Données statistiques sur la sortie : longeur ± 11 km dénivellation positive puis négative ± 785 m durée 4H
Le chef de course a mis une courte vidéo sur sa chaîne Youtube “Randos Rouletabosse“ https://youtube.com/shorts/1JJAMNTLkPs
Merci à toutes et tous. Olivier Trachsel, responsable du groupe des Mardistes et chef de course du jour.
Ma 23 sept. 2025
rando
Après 2 jours de pluie, un mardi annoncé gris et “peut-être” pluvieux…. et voilà 7 courageuses (où sont les courageux ?) qui acceptent de prendre le risque d’être mouillées car elles ont surtout envie de bouger et de s’aérer.

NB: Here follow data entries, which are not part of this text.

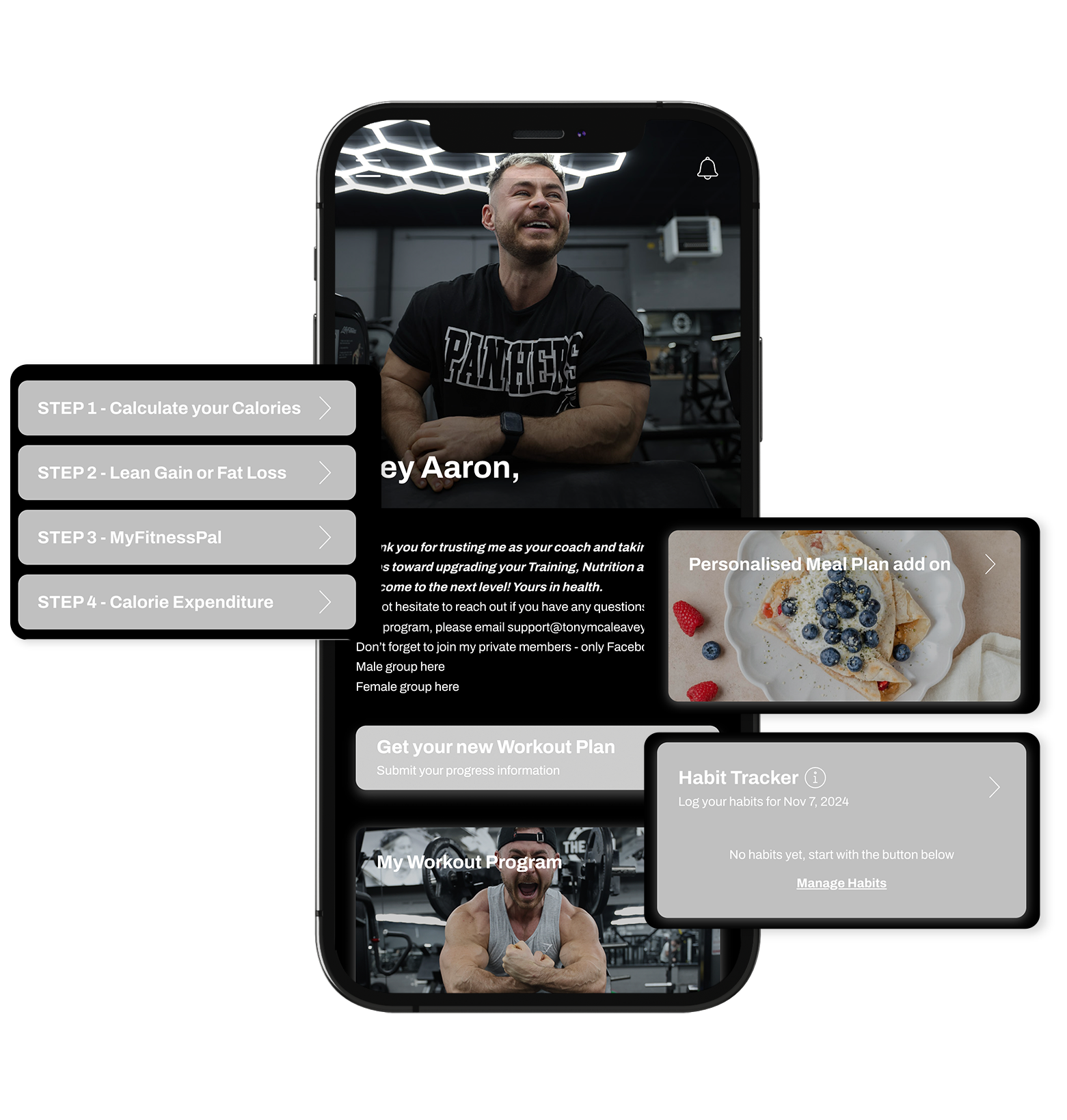 I'll make following your plan and tracking your progress simple and easy, you'll find your unique and personalised meal and training plan on my members-only app. Everything you need will be available on your phone.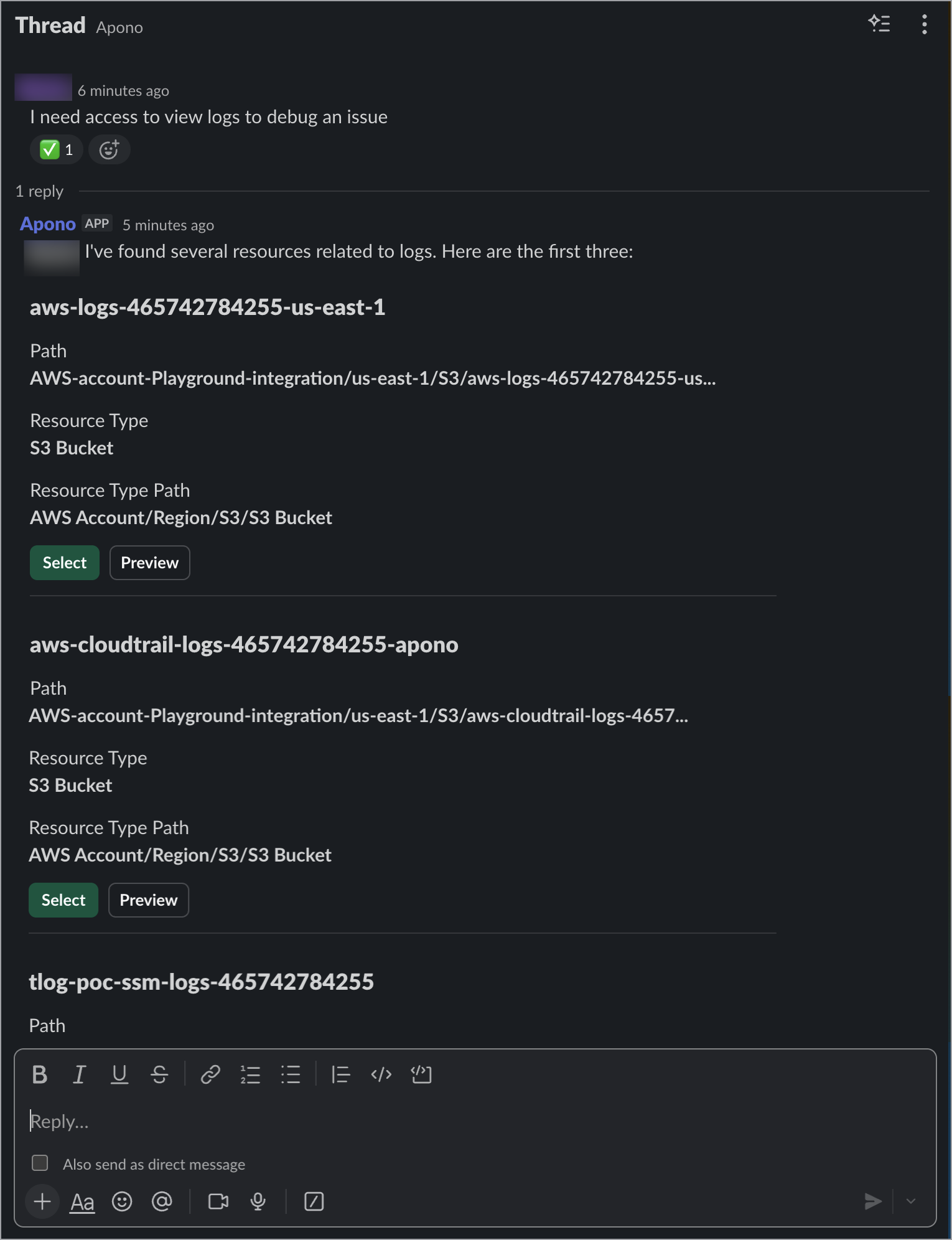 In either case, you can click [**Preview**](#preview) and complete the access request on the **Resources Request** tab outside of the **Apono Assist** panel.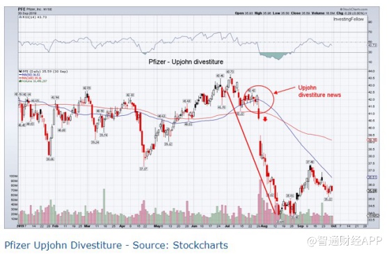 今年夏天,辉瑞公司(PFE.US)宣布将刚刚成熟的事业部普强(Upjoin)剥离,股价应声而降。尽管这次下跌被视为合理下跌,但事实是市场低估了辉瑞的股票价值。也许某些核心产品因“排他性损失”(Loss of Exclusivity, LOE)导致公司收入下降,但辉瑞正着手于一项专注于创新和生物制药产品的新战略,势必将在未来推动公司盈利。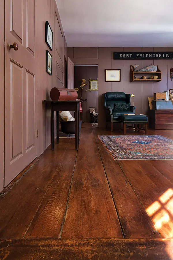 Many photographs survive from the 1960s restoration, making clear that the work was done with care to preserve as much original material as possible and accurately replicate what was lost. Fortunately, original doors, paneling, and other elements had been stored in the barn when they were removed for Victorian-era updates. These were returned to their initial locations, and missing pieces were reproduced using Alden’s own tools in some instances. Accordion lath-and-plaster walls were removed from the vertical board paneling in the rear of the house — the boards were painted before the lath was installed, indicating that they had been the original exposed surface.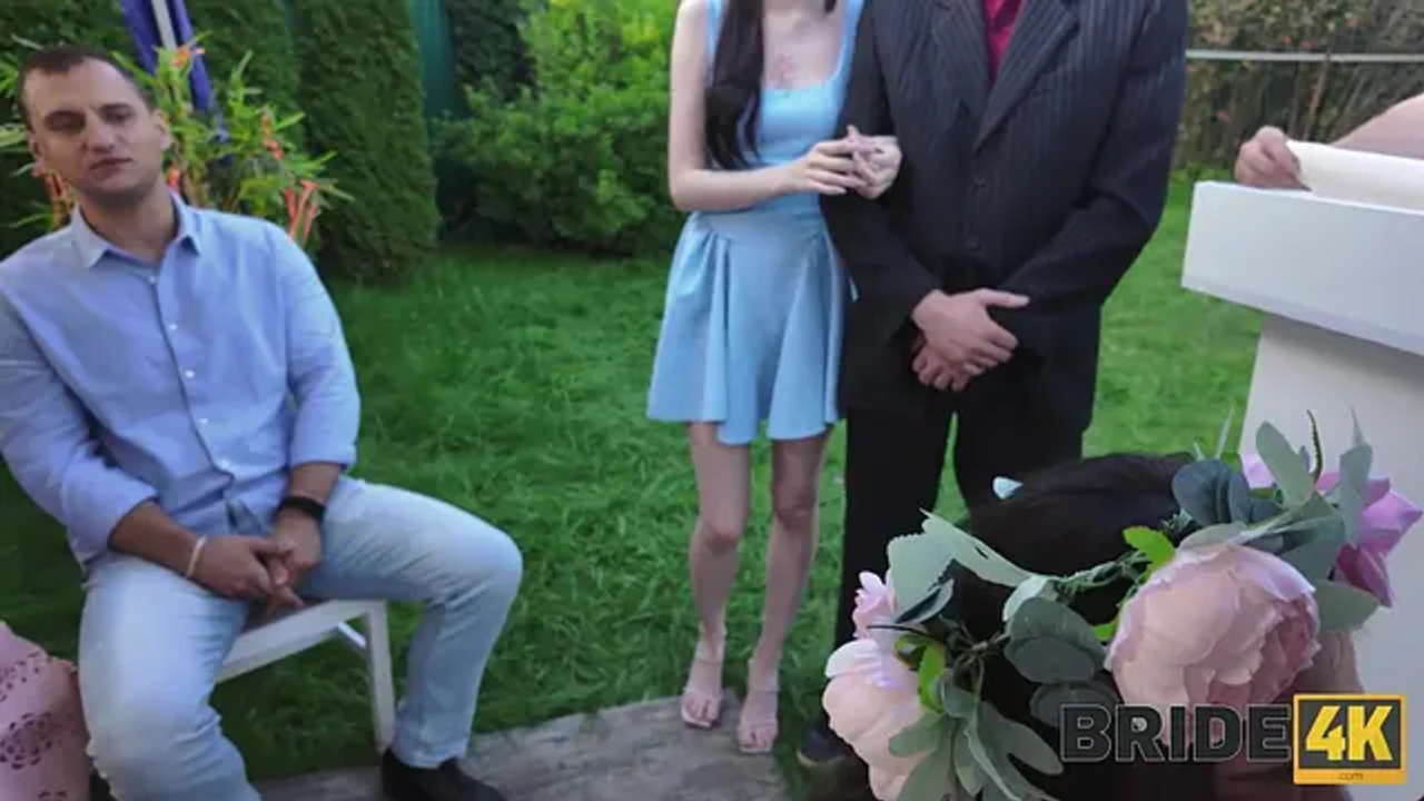 Hot and hot newlywed bride gets her giant natural boobs out in front of the whole wedding party. She takes a rigid anal pounding right on their special day while wearing her fancy wedding dress. The crowd cheers as they continue their weird, Russian-style tradition.

C’est à Montbovon que le MOB nous a déposées pour suivre ce sentier des Comtes peu fréquenté, le long de la vallée de l’Intyamon. Un sentier varié où nous marchons alternativement sur des sentiers de forêts, dans des prairies ou des routes goudronnées dans les traversées de villages.
Nous avons traversé de très beaux ponts en bois, surplombant l’Hongrin , la Marive ou le Colleret. Un de ces ponts abritait une statue de Notre-Dame et des ex-voto contre les parois pour remercier de grâces reçues. Notre chemin a croisé plusieurs statues religieuses et même le bel espace destiné au pic-nic se trouvait à côté de la jolie chapelle rose surplombant le village de Villars-sous-Mont. Est-ce pour cette raison que la pluie ne nous a rejoint que 5 minutes avant notre arrivée à la gare de Gruyères ?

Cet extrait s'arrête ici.